In the 'soil tile and manufacturing method thereof' of Patent Registration No. 0837850 (2008.06.05.), calcium hydroxide and loess are mixed with any one or more of elvan, illite, and tourmaline, and fly ash, diatomaceous earth, We propose a tile manufactured by a composition comprising any one or more components of volcanic ash and a component containing any one or more ore particles selected from the group of porcelain, pyrophyllite, and talc, and containing dyes and antibacterial agents on the surface.

Recently, efforts to manufacture finishing materials or building materials such as tiles using various natural materials are rapidly increasing, and in particular, materials containing beneficial minerals for the human body are being used in various ways.

The ocher is mainly used for beds or sofas, but examples used for lighting are extremely rare.

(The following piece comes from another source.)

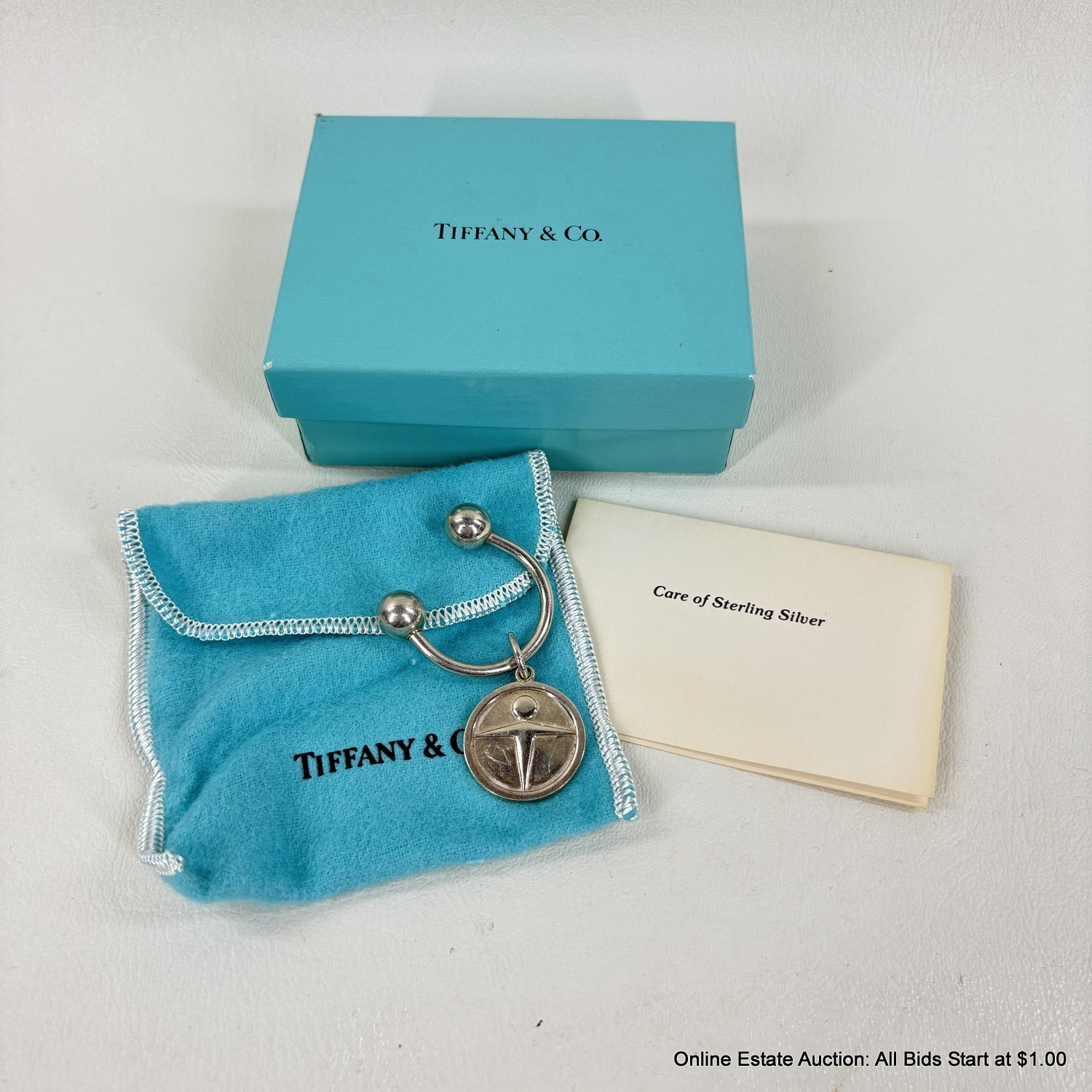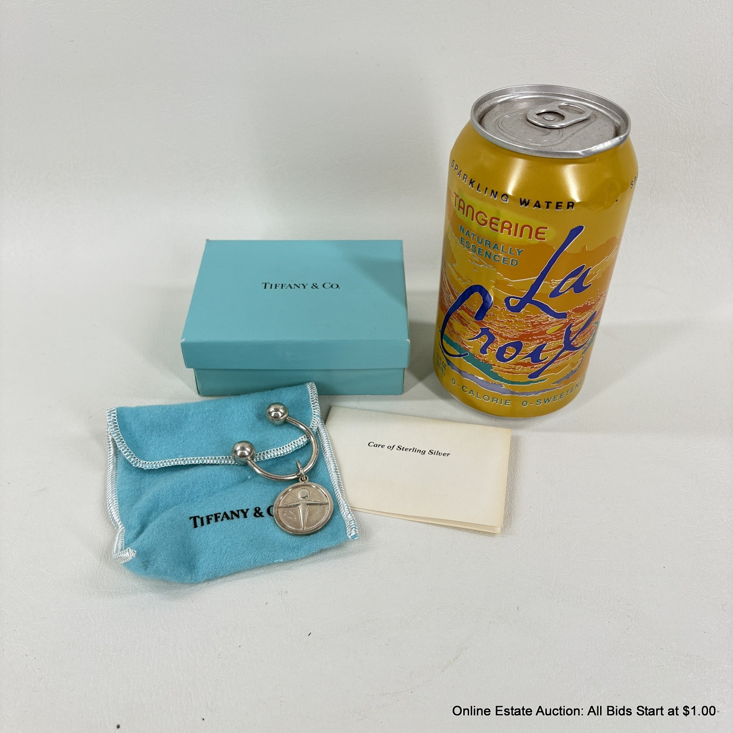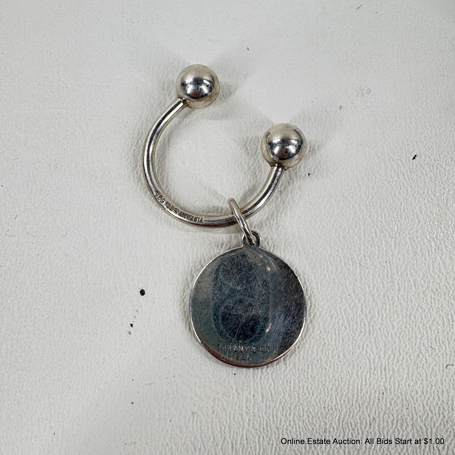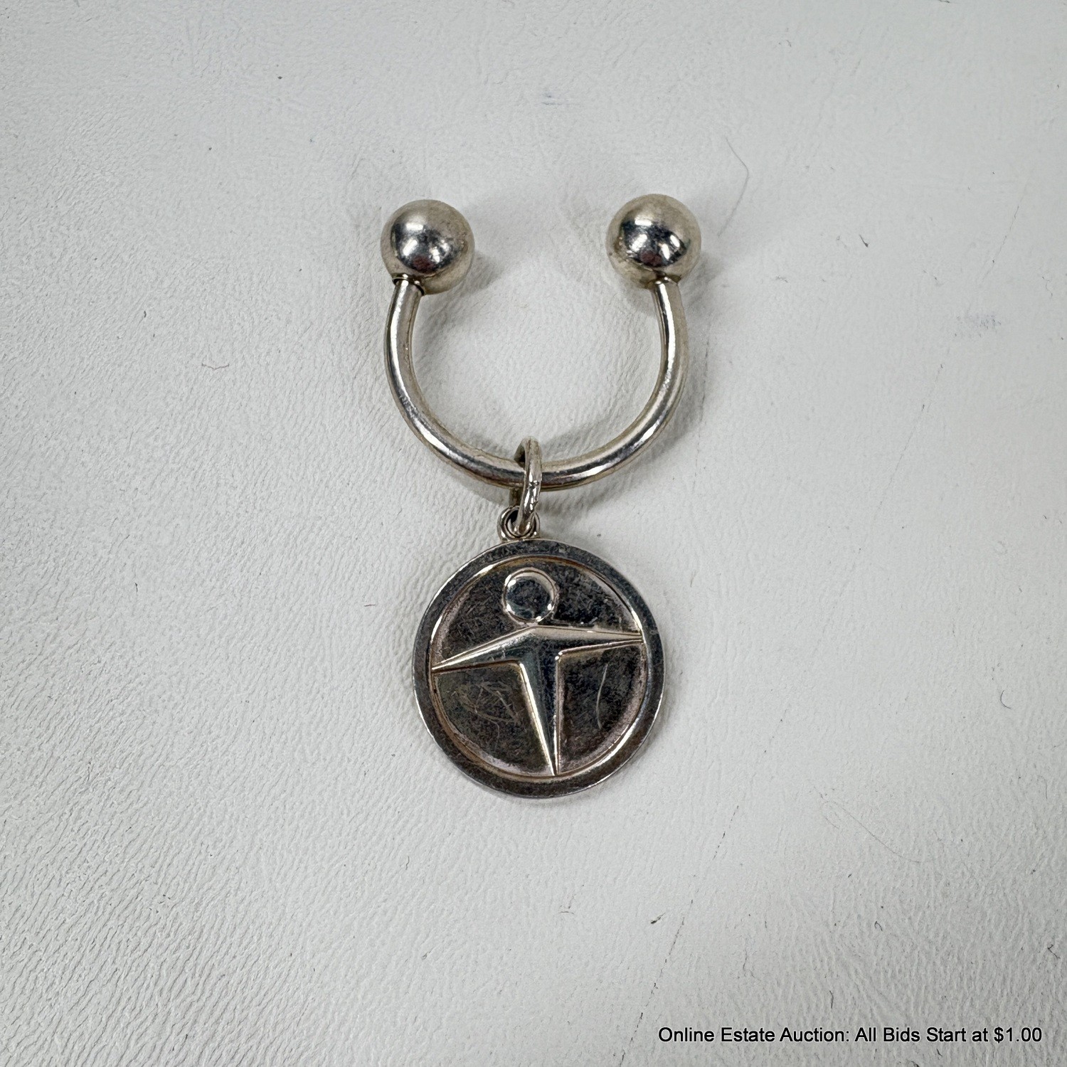 Tiffany & Co. Sterling Silver Manpower Charm Key Ring With Bag and Box Total Weight 13 Grams

(Documentation) Patent Registration No. 0837850 (2008.06.05.)

In this embodiment, since the cover part provided in the electric lamp is movable vertically in the vertical direction in the main body part, the user can easily adjust the far-infrared radiation to be emitted from any position, so that the user's satisfaction with use is improved.

This embodiment intends to provide a far-infrared radiation lamp having an air pocket part so that a large amount of far-infrared rays from the lamp penetrate more into the human body.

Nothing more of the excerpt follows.